## EXERCISE DESCRIPTION
Take the entries below and print only the lines from the one with "冬ならではの彩度の低い風景。" through the one with "12月3日,我校法律援助中心", exactly as they stand, both ends included.

--- RECORDS FOR THIS EXERCISE Enclosed Below ---

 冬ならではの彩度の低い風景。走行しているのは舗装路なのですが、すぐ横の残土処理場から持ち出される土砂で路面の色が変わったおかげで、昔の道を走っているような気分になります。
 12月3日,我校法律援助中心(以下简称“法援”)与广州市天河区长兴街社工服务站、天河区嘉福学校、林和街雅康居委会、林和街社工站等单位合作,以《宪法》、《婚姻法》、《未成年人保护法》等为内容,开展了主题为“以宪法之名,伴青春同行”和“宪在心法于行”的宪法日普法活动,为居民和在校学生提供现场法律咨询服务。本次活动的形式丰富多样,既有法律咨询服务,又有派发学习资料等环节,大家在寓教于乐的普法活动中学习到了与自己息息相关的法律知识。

--- End of Enclosed RECORDS FOR THIS EXERCISE ---
--- RECORDS FOR THIS EXERCISE Enclosed Below ---

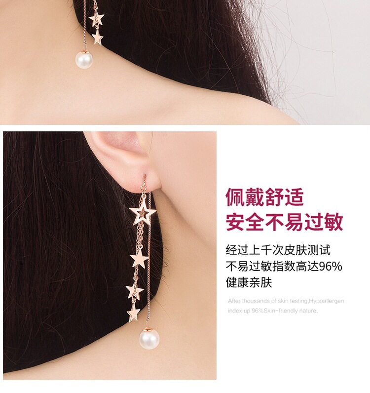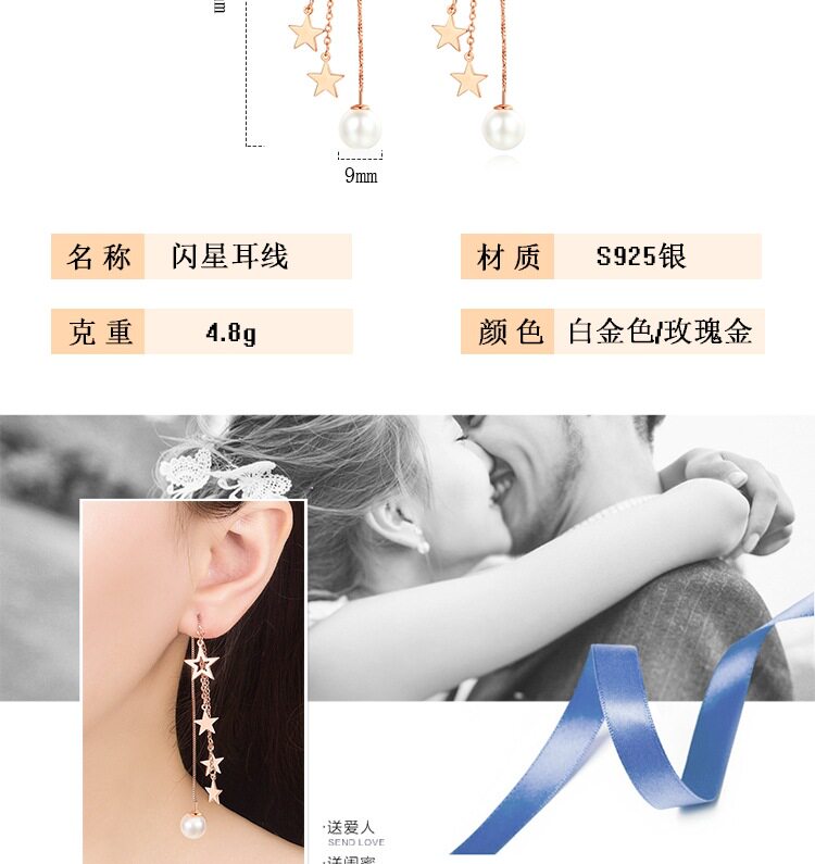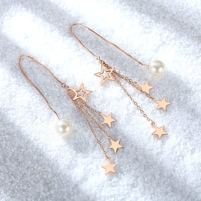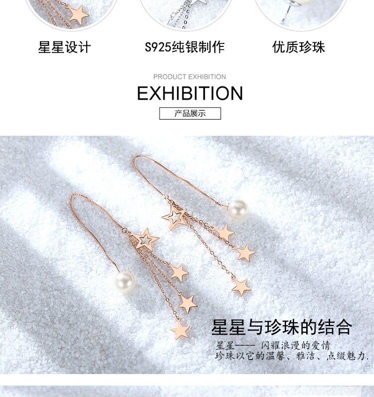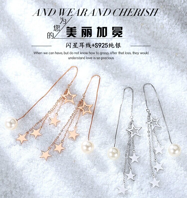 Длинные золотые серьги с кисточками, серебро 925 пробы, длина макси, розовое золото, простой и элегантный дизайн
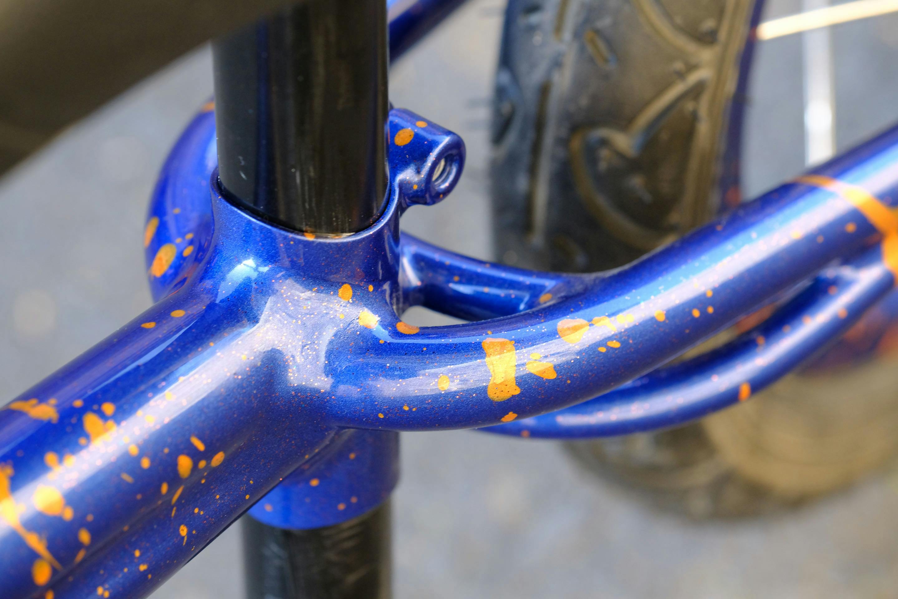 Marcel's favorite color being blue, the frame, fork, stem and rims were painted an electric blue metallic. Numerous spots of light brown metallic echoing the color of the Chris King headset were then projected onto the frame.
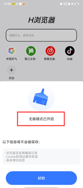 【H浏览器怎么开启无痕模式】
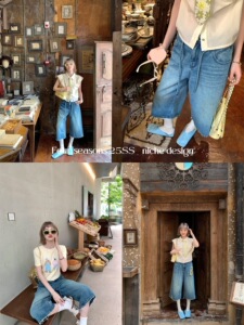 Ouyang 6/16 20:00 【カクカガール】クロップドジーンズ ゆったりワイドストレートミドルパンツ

--- End of Enclosed RECORDS FOR THIS EXERCISE ---

## FINISHED EXERCISE
 冬ならではの彩度の低い風景。走行しているのは舗装路なのですが、すぐ横の残土処理場から持ち出される土砂で路面の色が変わったおかげで、昔の道を走っているような気分になります。
 12月3日,我校法律援助中心(以下简称“法援”)与广州市天河区长兴街社工服务站、天河区嘉福学校、林和街雅康居委会、林和街社工站等单位合作,以《宪法》、《婚姻法》、《未成年人保护法》等为内容,开展了主题为“以宪法之名,伴青春同行”和“宪在心法于行”的宪法日普法活动,为居民和在校学生提供现场法律咨询服务。本次活动的形式丰富多样,既有法律咨询服务,又有派发学习资料等环节,大家在寓教于乐的普法活动中学习到了与自己息息相关的法律知识。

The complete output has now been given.